## EXERCISE INSTRUCTIONS
Could you retype the entries below exactly, omitting every picture?

## INPUT
------------------------------------

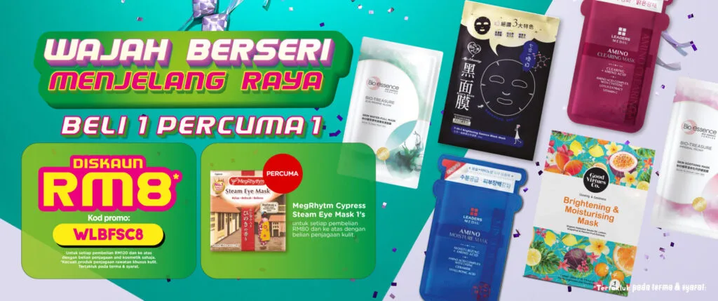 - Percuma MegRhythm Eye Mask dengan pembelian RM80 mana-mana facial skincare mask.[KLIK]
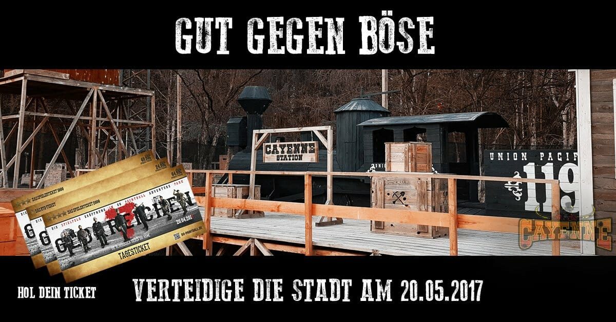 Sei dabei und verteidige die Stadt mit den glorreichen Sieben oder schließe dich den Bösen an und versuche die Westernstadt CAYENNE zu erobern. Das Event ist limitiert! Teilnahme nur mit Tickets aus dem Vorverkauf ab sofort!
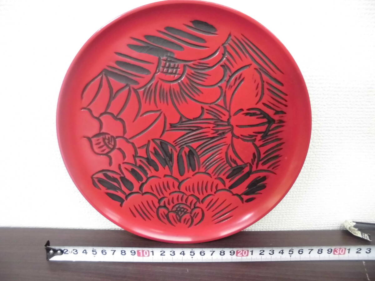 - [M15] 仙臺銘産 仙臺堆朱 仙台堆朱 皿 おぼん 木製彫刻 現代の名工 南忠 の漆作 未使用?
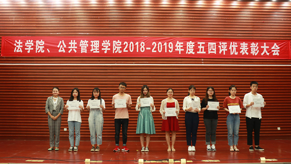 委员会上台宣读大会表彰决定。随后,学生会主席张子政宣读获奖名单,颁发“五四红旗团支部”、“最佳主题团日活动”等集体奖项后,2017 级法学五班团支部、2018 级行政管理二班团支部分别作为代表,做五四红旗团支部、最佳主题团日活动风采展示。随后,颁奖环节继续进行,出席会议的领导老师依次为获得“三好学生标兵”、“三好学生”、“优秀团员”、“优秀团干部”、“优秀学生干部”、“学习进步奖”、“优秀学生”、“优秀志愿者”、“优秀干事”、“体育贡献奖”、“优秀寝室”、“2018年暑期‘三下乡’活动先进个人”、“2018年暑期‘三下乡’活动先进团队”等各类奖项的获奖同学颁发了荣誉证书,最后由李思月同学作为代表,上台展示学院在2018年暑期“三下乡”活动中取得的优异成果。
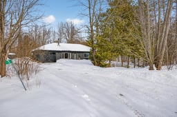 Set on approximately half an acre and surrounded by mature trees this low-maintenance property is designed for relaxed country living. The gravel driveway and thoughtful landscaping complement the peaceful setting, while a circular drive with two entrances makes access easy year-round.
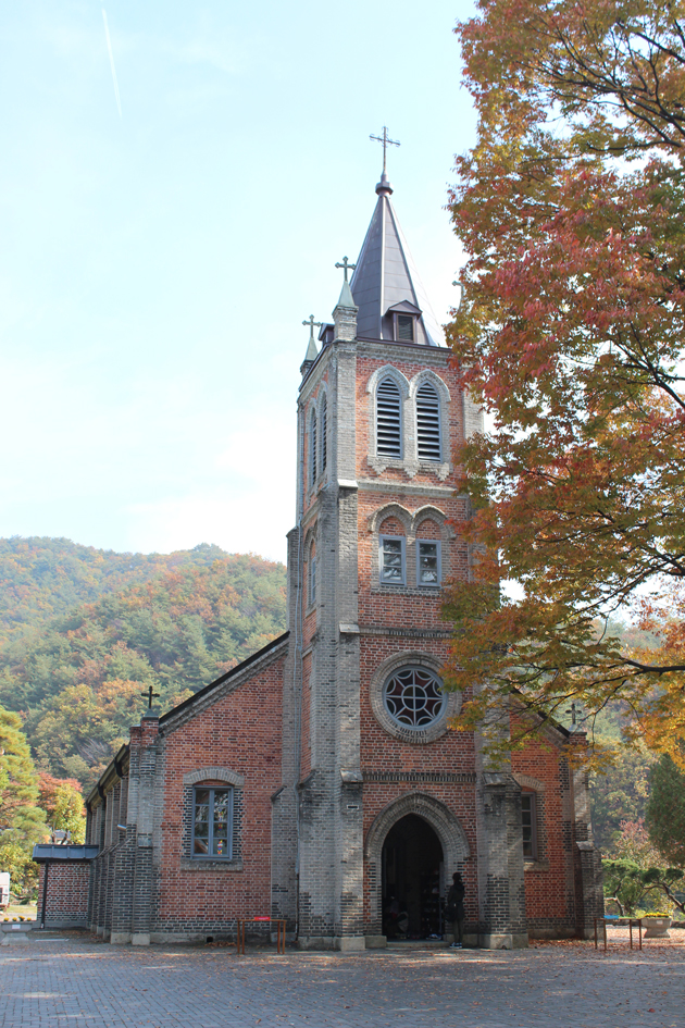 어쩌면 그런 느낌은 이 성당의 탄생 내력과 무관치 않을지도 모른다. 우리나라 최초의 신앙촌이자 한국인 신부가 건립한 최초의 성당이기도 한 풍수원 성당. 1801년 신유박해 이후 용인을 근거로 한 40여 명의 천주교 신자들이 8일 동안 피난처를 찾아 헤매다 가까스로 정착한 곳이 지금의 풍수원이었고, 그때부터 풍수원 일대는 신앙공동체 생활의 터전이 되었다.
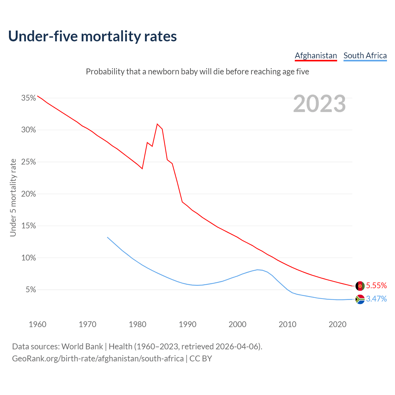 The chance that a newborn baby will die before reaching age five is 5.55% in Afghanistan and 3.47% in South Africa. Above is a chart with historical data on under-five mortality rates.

------------------------------------

## ANSWER SPACE
 - Percuma MegRhythm Eye Mask dengan pembelian RM80 mana-mana facial skincare mask.[KLIK]
 Sei dabei und verteidige die Stadt mit den glorreichen Sieben oder schließe dich den Bösen an und versuche die Westernstadt CAYENNE zu erobern. Das Event ist limitiert! Teilnahme nur mit Tickets aus dem Vorverkauf ab sofort!
 - [M15] 仙臺銘産 仙臺堆朱 仙台堆朱 皿 おぼん 木製彫刻 現代の名工 南忠 の漆作 未使用?
 委员会上台宣读大会表彰决定。随后,学生会主席张子政宣读获奖名单,颁发“五四红旗团支部”、“最佳主题团日活动”等集体奖项后,2017 级法学五班团支部、2018 级行政管理二班团支部分别作为代表,做五四红旗团支部、最佳主题团日活动风采展示。随后,颁奖环节继续进行,出席会议的领导老师依次为获得“三好学生标兵”、“三好学生”、“优秀团员”、“优秀团干部”、“优秀学生干部”、“学习进步奖”、“优秀学生”、“优秀志愿者”、“优秀干事”、“体育贡献奖”、“优秀寝室”、“2018年暑期‘三下乡’活动先进个人”、“2018年暑期‘三下乡’活动先进团队”等各类奖项的获奖同学颁发了荣誉证书,最后由李思月同学作为代表,上台展示学院在2018年暑期“三下乡”活动中取得的优异成果。
 Set on approximately half an acre and surrounded by mature trees this low-maintenance property is designed for relaxed country living. The gravel driveway and thoughtful landscaping complement the peaceful setting, while a circular drive with two entrances makes access easy year-round.
 어쩌면 그런 느낌은 이 성당의 탄생 내력과 무관치 않을지도 모른다. 우리나라 최초의 신앙촌이자 한국인 신부가 건립한 최초의 성당이기도 한 풍수원 성당. 1801년 신유박해 이후 용인을 근거로 한 40여 명의 천주교 신자들이 8일 동안 피난처를 찾아 헤매다 가까스로 정착한 곳이 지금의 풍수원이었고, 그때부터 풍수원 일대는 신앙공동체 생활의 터전이 되었다.
 The chance that a newborn baby will die before reaching age five is 5.55% in Afghanistan and 3.47% in South Africa. Above is a chart with historical data on under-five mortality rates.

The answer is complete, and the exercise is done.